Cybersecurity threats are increasingly targeting our most vulnerable institutions – schools, colleges, and universities that often lack the resources to defend themselves properly. Stephen Mirante, Chief Revenue Officer of CyberNuts, joins us to reveal how his company is filling this critical gap with innovative, education-focused solutions.

The statistics Stephen shares are eye-opening. CyberNuts exploded from 100 customer institutions in March to over 250 today, spanning 42 states – growth that underscores the urgent need for specialized cybersecurity training in education. What makes their approach distinctive isn't just effectiveness but empathy. While most cybersecurity training leaves users feeling perpetually inadequate, CyberNuts emphasizes positive reinforcement and adaptive learning that meets users where they are.

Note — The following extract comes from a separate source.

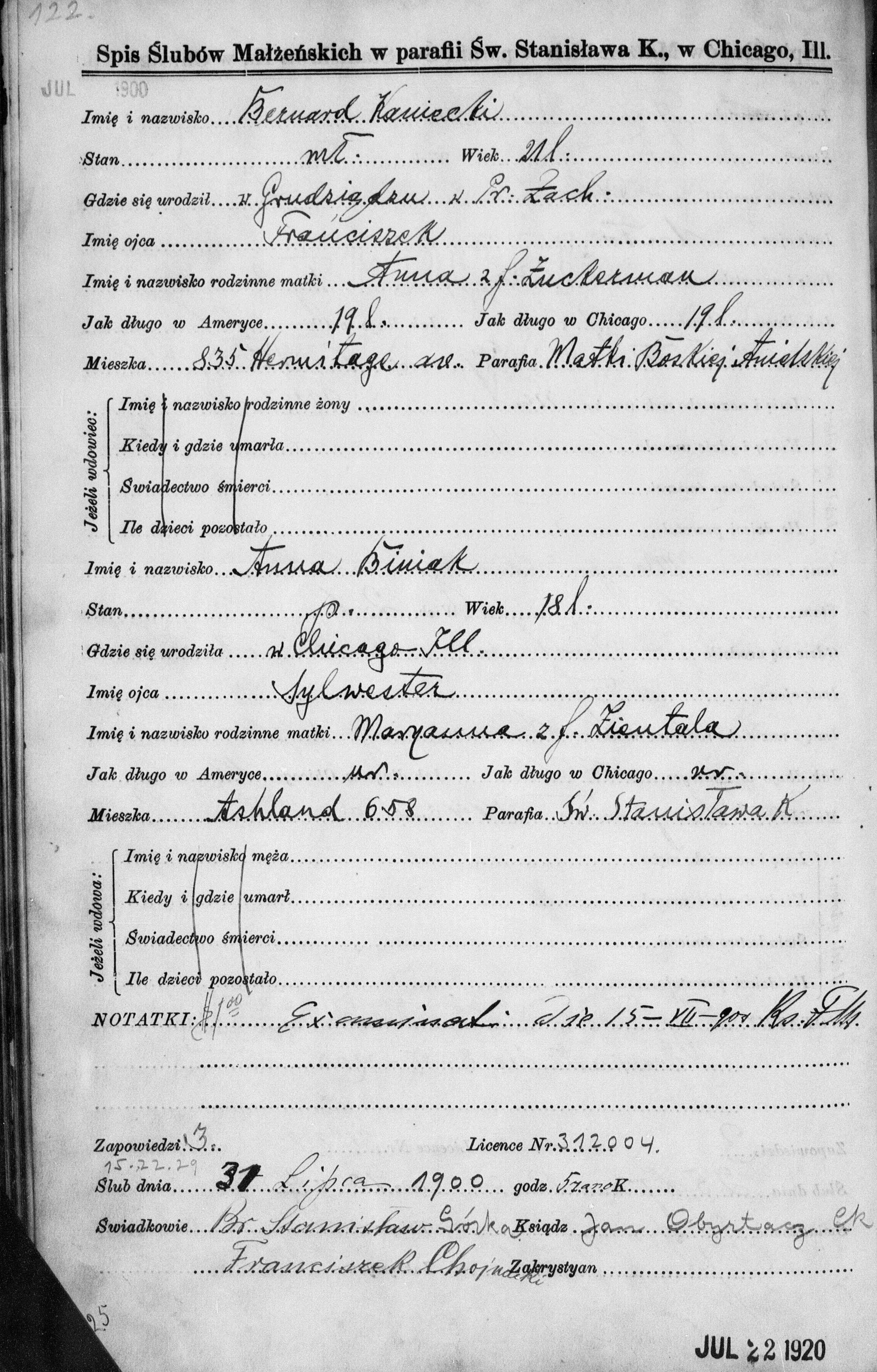 Bernard Kaniecki and Anna Biniak were married in Chicago, Illinois, at St. Stanislaus Kostka Church on 31 Jul 1900.

Stephen pulls back the curtain on how a rapidly scaling EdTech company makes strategic decisions, from their data-driven approach to expanding sales territories to their philosophy on hiring. "Stop hiring for credentials, hire for passion," he advises, particularly when serving educational institutions that respond best to consultative, relationship-focused partners. His insights on the 60-day ramp period for new hires, deliberately timed to prepare sales teams for the January budget cycle, offer practical wisdom for any growing organization.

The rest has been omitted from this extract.